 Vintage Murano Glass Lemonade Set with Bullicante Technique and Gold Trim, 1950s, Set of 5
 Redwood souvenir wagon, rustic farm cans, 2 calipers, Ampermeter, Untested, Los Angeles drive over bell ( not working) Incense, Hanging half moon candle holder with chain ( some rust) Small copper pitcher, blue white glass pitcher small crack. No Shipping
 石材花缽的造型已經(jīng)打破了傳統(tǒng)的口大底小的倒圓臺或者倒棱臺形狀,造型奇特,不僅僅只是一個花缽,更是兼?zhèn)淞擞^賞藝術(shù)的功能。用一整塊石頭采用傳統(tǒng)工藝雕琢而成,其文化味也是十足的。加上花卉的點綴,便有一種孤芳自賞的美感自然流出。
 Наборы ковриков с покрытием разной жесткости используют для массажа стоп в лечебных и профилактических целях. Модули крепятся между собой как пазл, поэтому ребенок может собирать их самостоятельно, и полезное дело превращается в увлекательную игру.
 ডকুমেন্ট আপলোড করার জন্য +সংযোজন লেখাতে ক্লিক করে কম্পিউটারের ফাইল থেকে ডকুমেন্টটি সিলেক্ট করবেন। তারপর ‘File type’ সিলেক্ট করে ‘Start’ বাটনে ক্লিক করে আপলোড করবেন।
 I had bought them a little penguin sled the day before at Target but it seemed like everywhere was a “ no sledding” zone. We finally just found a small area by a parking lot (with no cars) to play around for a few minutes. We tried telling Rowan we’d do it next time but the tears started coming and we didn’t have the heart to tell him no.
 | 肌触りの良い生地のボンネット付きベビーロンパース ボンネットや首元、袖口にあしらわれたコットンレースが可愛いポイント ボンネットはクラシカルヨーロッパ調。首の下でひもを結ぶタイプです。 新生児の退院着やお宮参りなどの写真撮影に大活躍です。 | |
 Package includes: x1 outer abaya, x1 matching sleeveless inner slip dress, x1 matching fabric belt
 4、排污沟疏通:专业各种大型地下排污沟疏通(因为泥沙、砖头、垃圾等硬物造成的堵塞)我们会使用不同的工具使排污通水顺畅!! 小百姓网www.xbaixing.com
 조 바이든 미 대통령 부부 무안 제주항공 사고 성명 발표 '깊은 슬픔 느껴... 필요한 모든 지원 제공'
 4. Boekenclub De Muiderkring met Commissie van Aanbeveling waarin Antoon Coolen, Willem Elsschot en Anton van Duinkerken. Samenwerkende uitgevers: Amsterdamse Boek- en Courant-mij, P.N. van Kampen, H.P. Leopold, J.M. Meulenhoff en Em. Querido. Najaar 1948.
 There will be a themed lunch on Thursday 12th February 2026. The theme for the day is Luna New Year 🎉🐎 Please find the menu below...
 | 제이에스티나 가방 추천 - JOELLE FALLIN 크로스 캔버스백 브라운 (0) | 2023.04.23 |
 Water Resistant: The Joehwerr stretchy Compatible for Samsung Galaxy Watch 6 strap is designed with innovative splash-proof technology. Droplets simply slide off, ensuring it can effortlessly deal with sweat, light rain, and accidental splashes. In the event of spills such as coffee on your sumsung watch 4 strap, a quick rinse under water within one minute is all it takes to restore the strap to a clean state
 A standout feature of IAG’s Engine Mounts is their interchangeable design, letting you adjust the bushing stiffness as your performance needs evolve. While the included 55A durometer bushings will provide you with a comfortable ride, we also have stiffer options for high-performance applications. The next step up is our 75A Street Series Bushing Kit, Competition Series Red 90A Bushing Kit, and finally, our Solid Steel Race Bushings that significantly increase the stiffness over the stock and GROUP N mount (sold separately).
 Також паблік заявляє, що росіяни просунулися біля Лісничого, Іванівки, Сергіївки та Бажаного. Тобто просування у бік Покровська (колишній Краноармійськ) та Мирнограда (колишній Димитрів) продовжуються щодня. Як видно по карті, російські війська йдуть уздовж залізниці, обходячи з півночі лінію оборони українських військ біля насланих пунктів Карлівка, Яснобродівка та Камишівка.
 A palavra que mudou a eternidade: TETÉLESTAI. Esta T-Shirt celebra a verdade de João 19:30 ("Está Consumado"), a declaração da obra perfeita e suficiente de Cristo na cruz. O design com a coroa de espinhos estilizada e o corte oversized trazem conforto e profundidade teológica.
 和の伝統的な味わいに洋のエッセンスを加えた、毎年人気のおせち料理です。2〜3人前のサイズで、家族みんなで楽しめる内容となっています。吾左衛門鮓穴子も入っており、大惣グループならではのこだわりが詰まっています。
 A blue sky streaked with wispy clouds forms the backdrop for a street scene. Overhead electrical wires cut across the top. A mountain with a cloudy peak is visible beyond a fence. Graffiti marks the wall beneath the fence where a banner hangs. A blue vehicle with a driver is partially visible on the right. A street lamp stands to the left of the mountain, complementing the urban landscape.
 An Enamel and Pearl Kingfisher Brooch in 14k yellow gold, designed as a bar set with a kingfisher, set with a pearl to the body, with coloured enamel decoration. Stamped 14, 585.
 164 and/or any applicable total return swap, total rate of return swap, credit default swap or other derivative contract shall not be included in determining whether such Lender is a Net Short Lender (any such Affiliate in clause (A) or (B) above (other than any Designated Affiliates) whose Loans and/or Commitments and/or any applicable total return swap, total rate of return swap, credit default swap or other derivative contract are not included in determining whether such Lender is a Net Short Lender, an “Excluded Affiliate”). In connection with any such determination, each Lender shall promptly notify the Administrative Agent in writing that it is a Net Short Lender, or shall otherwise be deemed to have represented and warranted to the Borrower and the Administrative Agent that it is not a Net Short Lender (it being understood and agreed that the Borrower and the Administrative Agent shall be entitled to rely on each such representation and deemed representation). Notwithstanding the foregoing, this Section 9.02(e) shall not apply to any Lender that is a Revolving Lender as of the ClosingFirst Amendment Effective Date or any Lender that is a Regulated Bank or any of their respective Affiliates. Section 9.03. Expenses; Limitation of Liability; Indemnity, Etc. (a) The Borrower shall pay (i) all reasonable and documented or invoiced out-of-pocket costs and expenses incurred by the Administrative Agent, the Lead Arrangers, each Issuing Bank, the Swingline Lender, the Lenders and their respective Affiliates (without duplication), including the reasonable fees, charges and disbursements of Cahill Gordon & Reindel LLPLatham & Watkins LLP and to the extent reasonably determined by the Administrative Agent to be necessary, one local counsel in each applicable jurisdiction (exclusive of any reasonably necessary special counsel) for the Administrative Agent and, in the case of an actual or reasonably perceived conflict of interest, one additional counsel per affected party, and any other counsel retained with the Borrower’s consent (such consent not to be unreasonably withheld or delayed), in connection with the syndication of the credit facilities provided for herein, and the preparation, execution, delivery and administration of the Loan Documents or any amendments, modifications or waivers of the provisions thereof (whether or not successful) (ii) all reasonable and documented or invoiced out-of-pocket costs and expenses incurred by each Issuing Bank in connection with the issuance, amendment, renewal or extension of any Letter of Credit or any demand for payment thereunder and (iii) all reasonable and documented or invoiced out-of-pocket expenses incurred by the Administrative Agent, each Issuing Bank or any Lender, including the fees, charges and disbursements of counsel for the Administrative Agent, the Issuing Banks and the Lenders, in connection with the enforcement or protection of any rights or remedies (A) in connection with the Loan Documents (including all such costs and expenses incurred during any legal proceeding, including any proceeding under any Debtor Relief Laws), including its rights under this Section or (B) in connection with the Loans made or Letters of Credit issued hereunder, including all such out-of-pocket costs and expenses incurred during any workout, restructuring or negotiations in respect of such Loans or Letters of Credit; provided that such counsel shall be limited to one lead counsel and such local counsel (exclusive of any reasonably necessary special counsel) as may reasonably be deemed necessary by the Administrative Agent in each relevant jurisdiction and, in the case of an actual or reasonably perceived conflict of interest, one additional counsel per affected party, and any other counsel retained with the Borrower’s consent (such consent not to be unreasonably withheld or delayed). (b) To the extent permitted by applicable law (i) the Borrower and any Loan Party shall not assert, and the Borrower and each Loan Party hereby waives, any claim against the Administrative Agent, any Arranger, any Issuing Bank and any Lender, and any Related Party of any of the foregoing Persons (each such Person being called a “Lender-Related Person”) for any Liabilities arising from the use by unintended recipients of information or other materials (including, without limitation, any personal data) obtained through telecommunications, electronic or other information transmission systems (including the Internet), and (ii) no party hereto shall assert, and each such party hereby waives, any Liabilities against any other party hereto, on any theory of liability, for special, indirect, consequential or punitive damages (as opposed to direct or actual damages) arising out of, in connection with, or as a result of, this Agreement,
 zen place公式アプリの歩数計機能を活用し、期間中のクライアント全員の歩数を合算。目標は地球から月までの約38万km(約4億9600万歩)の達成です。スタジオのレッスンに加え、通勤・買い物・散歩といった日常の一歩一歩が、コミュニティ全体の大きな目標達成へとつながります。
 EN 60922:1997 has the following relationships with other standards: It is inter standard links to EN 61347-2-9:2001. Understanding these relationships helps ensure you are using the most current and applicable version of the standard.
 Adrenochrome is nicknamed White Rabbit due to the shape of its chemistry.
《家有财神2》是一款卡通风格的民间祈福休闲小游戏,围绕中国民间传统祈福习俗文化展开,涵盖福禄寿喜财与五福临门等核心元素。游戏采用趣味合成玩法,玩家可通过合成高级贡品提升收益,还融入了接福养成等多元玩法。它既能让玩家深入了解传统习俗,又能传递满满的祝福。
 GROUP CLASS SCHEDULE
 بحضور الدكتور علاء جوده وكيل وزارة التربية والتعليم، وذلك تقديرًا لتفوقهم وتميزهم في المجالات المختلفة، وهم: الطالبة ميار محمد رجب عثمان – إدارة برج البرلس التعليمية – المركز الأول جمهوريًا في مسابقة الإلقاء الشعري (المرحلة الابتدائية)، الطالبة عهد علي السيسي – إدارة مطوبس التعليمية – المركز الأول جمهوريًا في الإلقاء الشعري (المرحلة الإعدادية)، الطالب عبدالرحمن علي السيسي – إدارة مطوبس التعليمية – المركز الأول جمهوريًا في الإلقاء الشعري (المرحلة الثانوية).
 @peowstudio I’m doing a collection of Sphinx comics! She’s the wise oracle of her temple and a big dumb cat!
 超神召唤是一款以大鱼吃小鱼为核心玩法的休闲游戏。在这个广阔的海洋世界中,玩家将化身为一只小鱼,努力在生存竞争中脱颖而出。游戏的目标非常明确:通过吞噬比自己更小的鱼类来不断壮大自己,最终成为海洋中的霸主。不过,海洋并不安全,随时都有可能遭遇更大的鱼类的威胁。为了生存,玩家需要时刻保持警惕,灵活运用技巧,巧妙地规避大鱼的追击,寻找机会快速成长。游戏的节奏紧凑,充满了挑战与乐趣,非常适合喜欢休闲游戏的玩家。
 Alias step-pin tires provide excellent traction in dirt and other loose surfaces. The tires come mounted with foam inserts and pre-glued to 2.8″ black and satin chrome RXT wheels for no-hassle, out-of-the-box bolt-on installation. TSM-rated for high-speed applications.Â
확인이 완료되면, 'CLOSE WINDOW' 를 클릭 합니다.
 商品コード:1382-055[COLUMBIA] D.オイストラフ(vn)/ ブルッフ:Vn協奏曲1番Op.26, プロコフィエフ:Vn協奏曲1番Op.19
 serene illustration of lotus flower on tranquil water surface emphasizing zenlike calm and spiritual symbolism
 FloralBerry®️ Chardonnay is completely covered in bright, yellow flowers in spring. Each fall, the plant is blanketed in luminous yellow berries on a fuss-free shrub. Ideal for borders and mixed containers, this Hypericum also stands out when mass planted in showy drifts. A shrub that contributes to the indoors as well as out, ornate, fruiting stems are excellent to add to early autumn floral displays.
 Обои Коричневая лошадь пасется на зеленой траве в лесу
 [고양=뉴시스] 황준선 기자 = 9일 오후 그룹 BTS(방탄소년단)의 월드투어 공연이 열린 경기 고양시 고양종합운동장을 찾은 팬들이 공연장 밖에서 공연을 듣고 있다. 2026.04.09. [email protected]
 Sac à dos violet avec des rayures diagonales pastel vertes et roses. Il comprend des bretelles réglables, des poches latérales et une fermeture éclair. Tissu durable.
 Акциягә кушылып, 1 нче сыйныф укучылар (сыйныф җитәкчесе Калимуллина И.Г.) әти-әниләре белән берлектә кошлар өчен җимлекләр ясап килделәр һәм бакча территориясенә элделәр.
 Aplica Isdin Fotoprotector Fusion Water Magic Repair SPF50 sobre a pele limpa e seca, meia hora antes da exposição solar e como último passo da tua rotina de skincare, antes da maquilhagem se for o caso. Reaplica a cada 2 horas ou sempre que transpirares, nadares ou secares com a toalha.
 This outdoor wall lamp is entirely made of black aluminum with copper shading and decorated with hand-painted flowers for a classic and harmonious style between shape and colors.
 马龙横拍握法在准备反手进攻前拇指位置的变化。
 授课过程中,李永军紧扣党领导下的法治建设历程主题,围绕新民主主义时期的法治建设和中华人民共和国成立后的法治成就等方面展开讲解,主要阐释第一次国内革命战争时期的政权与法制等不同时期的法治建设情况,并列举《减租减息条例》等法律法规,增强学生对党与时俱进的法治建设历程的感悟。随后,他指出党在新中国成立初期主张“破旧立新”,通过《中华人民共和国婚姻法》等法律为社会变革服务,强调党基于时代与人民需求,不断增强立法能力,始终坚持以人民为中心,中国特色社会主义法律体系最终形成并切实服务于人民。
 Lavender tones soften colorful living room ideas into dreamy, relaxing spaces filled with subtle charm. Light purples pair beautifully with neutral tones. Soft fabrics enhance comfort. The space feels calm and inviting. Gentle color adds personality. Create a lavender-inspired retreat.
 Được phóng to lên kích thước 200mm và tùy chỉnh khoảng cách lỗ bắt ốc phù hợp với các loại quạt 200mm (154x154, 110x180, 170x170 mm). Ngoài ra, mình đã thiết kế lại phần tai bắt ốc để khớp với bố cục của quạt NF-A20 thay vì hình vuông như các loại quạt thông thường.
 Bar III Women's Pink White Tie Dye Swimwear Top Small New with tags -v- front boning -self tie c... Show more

WHAT TO DO –
Your reply is to repeat, unchanged, the lines above running from the one with "A standout feature" up to and including the one with "Також паблік заявляє, що".

EXPECTED ANSWER –
 A standout feature of IAG’s Engine Mounts is their interchangeable design, letting you adjust the bushing stiffness as your performance needs evolve. While the included 55A durometer bushings will provide you with a comfortable ride, we also have stiffer options for high-performance applications. The next step up is our 75A Street Series Bushing Kit, Competition Series Red 90A Bushing Kit, and finally, our Solid Steel Race Bushings that significantly increase the stiffness over the stock and GROUP N mount (sold separately).
 Також паблік заявляє, що росіяни просунулися біля Лісничого, Іванівки, Сергіївки та Бажаного. Тобто просування у бік Покровська (колишній Краноармійськ) та Мирнограда (колишній Димитрів) продовжуються щодня. Як видно по карті, російські війська йдуть уздовж залізниці, обходячи з півночі лінію оборони українських військ біля насланих пунктів Карлівка, Яснобродівка та Камишівка.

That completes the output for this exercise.